1234:75 received getMembers request from host55 pid 962

and

`/^(?<request.server.pid>\d+):(?<request.server.tid>\d+) received (?<request.name>\S+) request from (?<request.client.host>\S+) pid (?<request.client.pid>\d+)/

give me

{
  request: {
    name: "getMembers",
    server: {
      pid: 1234,
      tid: 75
    },
    client: {
      host: "host55",
      pid: 962
    }
  }
}
philrz commented 10 months ago

@zmajeed: Thanks for the pointer to JavaScript's Regexp.exec(). Indeed, we may use that for inspiration.

Regarding the nested fields, in case you bump into this elsewhere, note that there's a nest_dotted function that can help here. Example usage:

zq -Z 'nest_dotted()' - <<EOF
{
  "request.server.pid": 1234,
  "request.server.tid": 75,
  "request.name": "getMembers",
  "request.client.host": "host55",
  "request.client.pid": 962
}
EOF

Output is:

{
    request: {
        server: {
            pid: 1234,
            tid: 75
        },
        name: "getMembers",
        client: {
            host: "host55",
            pid: 962
        }
    }
}

I point this out because we have the same thing to consider in the Grok implementation. Some Grok implementations reject field names containing dots altogether, and we don't want to have that limitation. We could assume dots always imply nesting, but since field names containing dots are legal in JSON, we're currently leaning toward letting them pass through with dots intact, since applying the function can nest them if that's the desired result. So we may end up doing the same here as well.

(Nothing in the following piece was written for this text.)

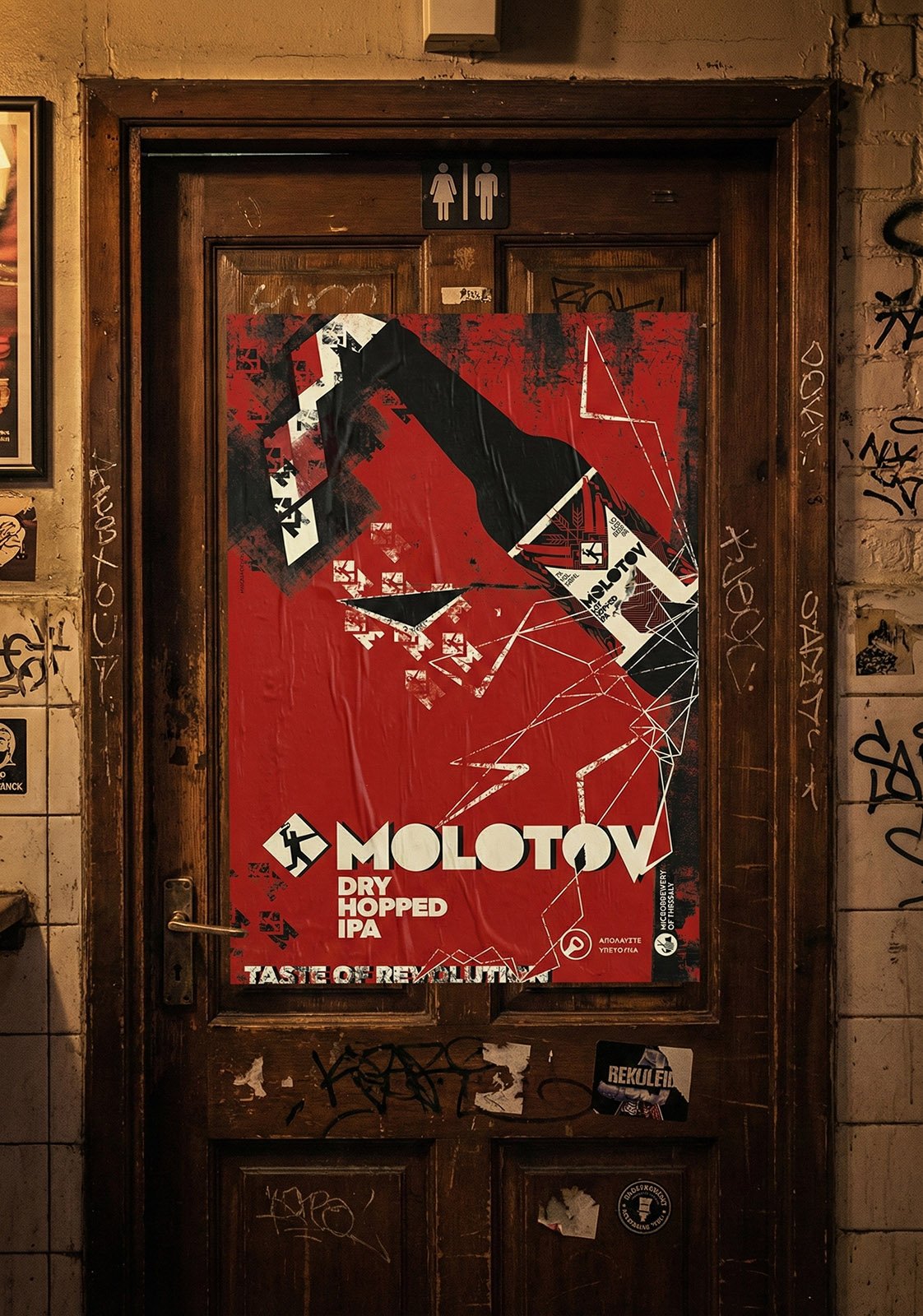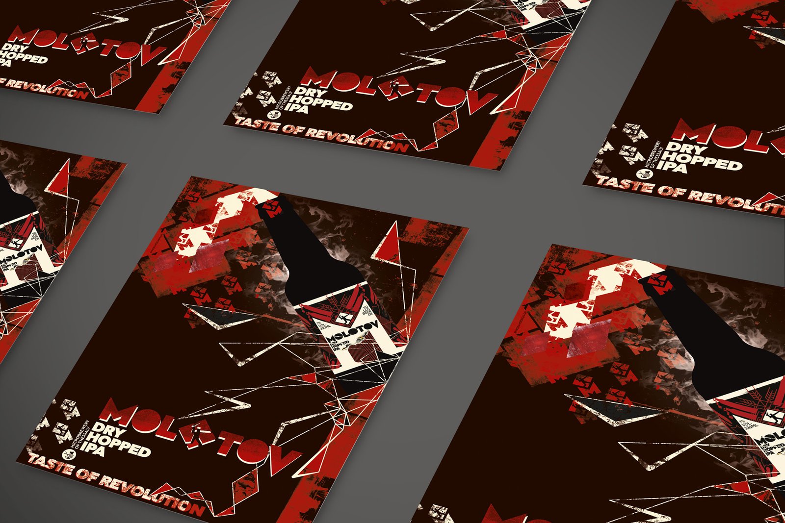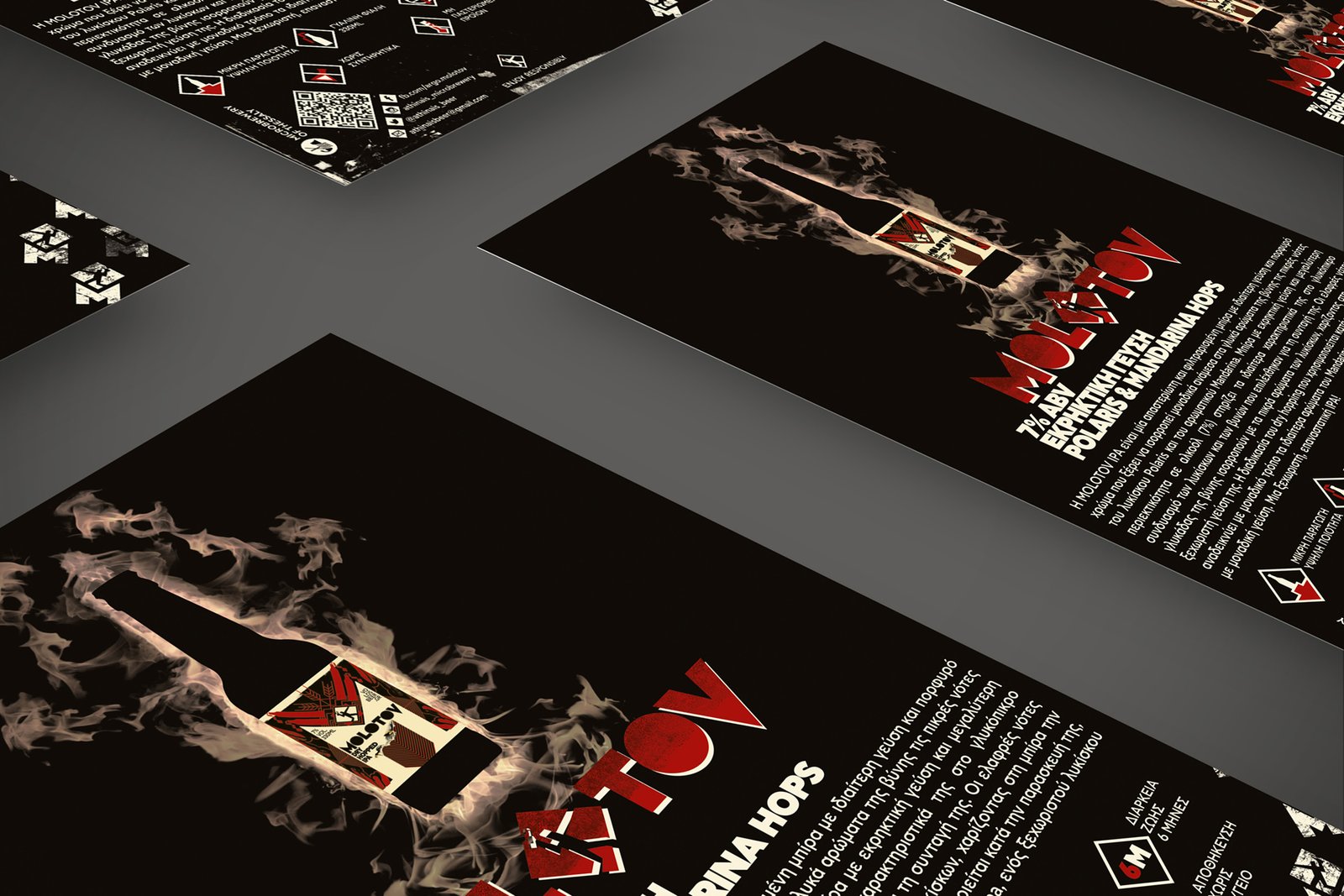 Ο σχεδιασμός της Molotov IPA αντλεί έμπνευση από τη γλώσσα της εξέγερσης και την ωμή ενέργεια της νεανικής κουλτούρας. Η μπίρα παρουσιάζεται μέσα από μια εικαστική σύνθεση που θυμίζει αφίσα δρόμου: δυναμική παλέτα, θραύσεις, στιβαρή τυπογραφία και ένα εικονίδιο-σχόλιο για το θάρρος και τη δράση. Η συνολική αισθητική μετατρέπει την εμπειρία της μπίρας σε κάλεσμα για έκφραση, δημιουργία και ανατροπή — με μια δόση παιχνιδιάρικης έντασης που μιλάει άμεσα στο νεανικό κοινό.

zmajeed commented 9 months ago

Tried nest_dotted() on an example that assumes new captured fields are in groups

zq -Z 'nest_dotted(groups)' - <<EOF
{
  "groups": {
    "request.server.pid": 1234,
    "request.server.tid": 75,
    "request.name": "getMembers",
    "request.client.host": "host55",
    "request.client.pid": 962
  }
}
EOF
{
  groups: {
    "request.server.pid": 1234,
    "request.server.tid": 75,
    "request.name": "getMembers",
    "request.client.host": "host55",
    "request.client.pid": 962
  }
}

Could nest_dotted() be avoided if a parameter were set to nest the returned captured fields - like regex(/(?P<request.server.pid>\d+)/, nest_captures)

{
  request: {
    server: {
      pid: 1234
    }
  }
}
philrz commented 9 months ago

@zmajeed: Thanks for reporting your nest_dotted(groups) not seeming to have any effect. It turns out that's a new bug, so a fix for that is being tracked via #4914. Someone's already working on a fix.

Thinking ahead to when that's fixed, when a developer implements the original feature captured in this issue, I'm not sure if they'll make the design decision let the dotted field names exist with the expectation nest_dotted() could be applied or offer some kind of flag to immediately create them in nested form like you proposed. It's effectively a language design question. I previously predicted the approach with relying on downstream nest_dotted() because it's where I've seen the language design headed over time, but that could change.

philrz commented 9 months ago

Update: The initial grok() support has been merged (#4827) but it doesn't yet support their own named capture support (such as is shown in the first syntax for custom patterns the Logstash Grok filter doc.) If/when we get to adding support in Zed for the general non-Grok regexp use case it might be good to see if we could add support in Zed's grok() at the same time.